Another thing would be the digestive upset that you can get from drinking too much. Considering the number of formulas in a lot of protein drinks, if you drink too much of it in a small amount of time or drink a lot throughout the day, you would definitely get an upset stomach. According to Healthline.
“Several ingredients in pre-workout formulas may cause digestive upset. These include sodium bicarbonate, magnesium, creatine, and caffeine. Sodium bicarbonate may cause problems when consumed at 91–227 mg per pound of body weight (200–500 mg per kg). However, most pre-workout supplements do not contain this much. Magnesium, on the other hand, may have laxative effects — especially in the form of magnesium citrate. Thus, taking too much may cause diarrhea.”
But, in retrospect, Pre-workout drinks are not that harmful if you take them in moderation. If you do drink too much, then prepare for a nice close “encounter” with the bathroom all night and possibly for tomorrow.
Another major pre-workout effect would be the creatine that is in it. Creatine is a workout supplement that helps you grow muscles a lot faster and you can start seeing results more consistently, but it does have one downside which is the water retention that creatine causes. According to PMC.
“Creatine monohydrate is the most effective ergogenic nutritional supplement currently available to athletes in terms of increasing high-intensity exercise capacity and lean body mass during training. Although creatine has recently been accepted as a safe and useful ergogenic aid, several myths have been purported about creatine supplementation which includes: Creatine supplementation causes cramping, dehydration, and/or altered electrolyte status.”

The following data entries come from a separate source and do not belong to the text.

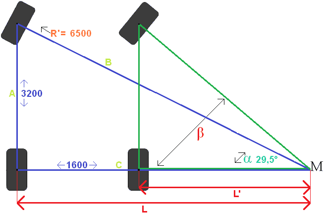 The steered angle of a vehicle can be calculated using several parameters of the car. Below is an image where angle b1 has been calculated. Calculating angle b2 is the next step.
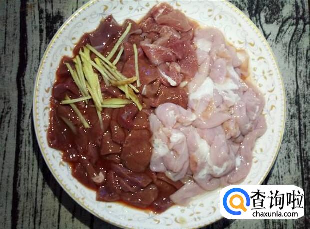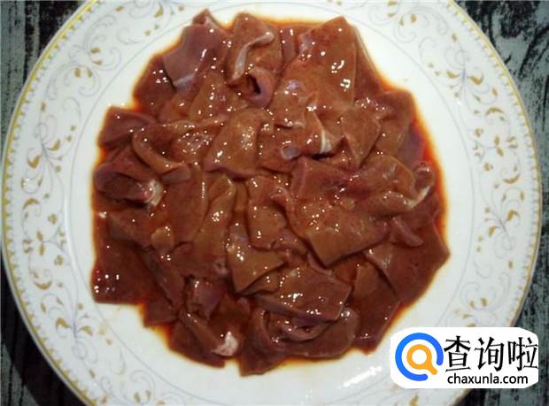 猪肝清洗干净,切成薄片,放入酱油、料酒,腌制一会。
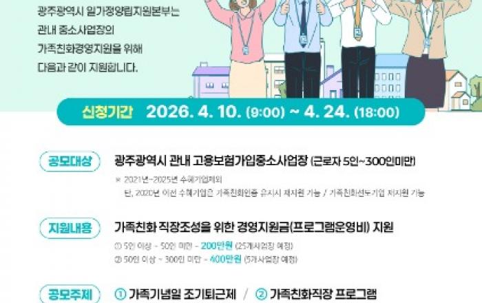 광주광역시 일가정양립지원본부는 ‘2026년 가족친화경영 지원사업’에 참여할 지역 중소사업장 30곳을 오는 10일부터 24일까지 모집한다.‘가족친화경영 지원사업’은 중소사업장의 가족친화문화 정착과 일·가정 양립 확산을 위해 광주시가 지난 2019년 전국 최초로 도입했다.
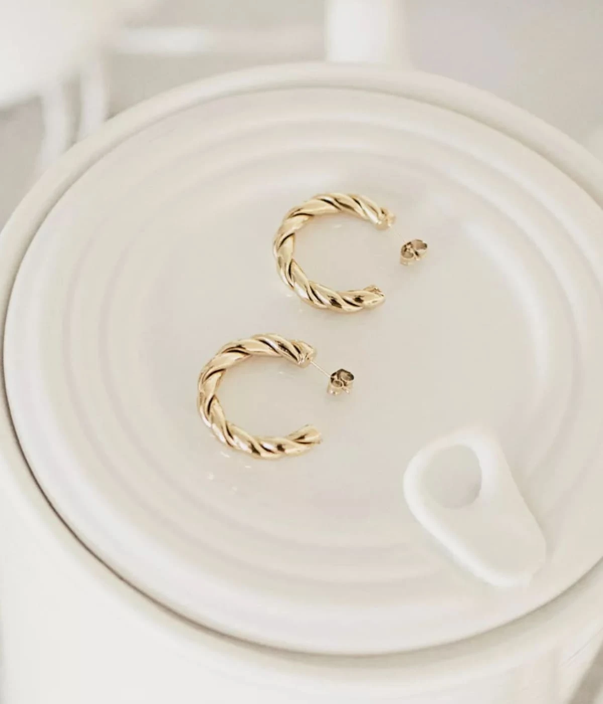 Boucles d’oreilles créoles en acier torsadé uni ou doré à l’or fin.

Overall, Creatine is not as bad as consuming caffeine, but constantly consuming Creatine could cause unknown effects in the distant future, since not many people really care about researching Creatine which leads to unknown and potential unhealthiness. Creatine in general is relatively harmless to your body so using it would not cause too much damage to your body, but moderation is still key to keeping a healthy body.
Pre-workout drinks are not entirely bad they do have their cons, but it is outweighed by their pros. Pre-workout has been shown to help out in muscle growth, gaining healthy weight, and generally able get you into shape. But, moderation is always key with these things, since drinking too many pre-workout drinks could cause uneasiness and might generally harm you in the long run. Teens should be allowed to use pre-workout drinks since it appears that it does not do any harm to them, but as I stated before, taking them in moderation will greatly help teens and even adults to improve their workout regiment. Thank you for reading the article.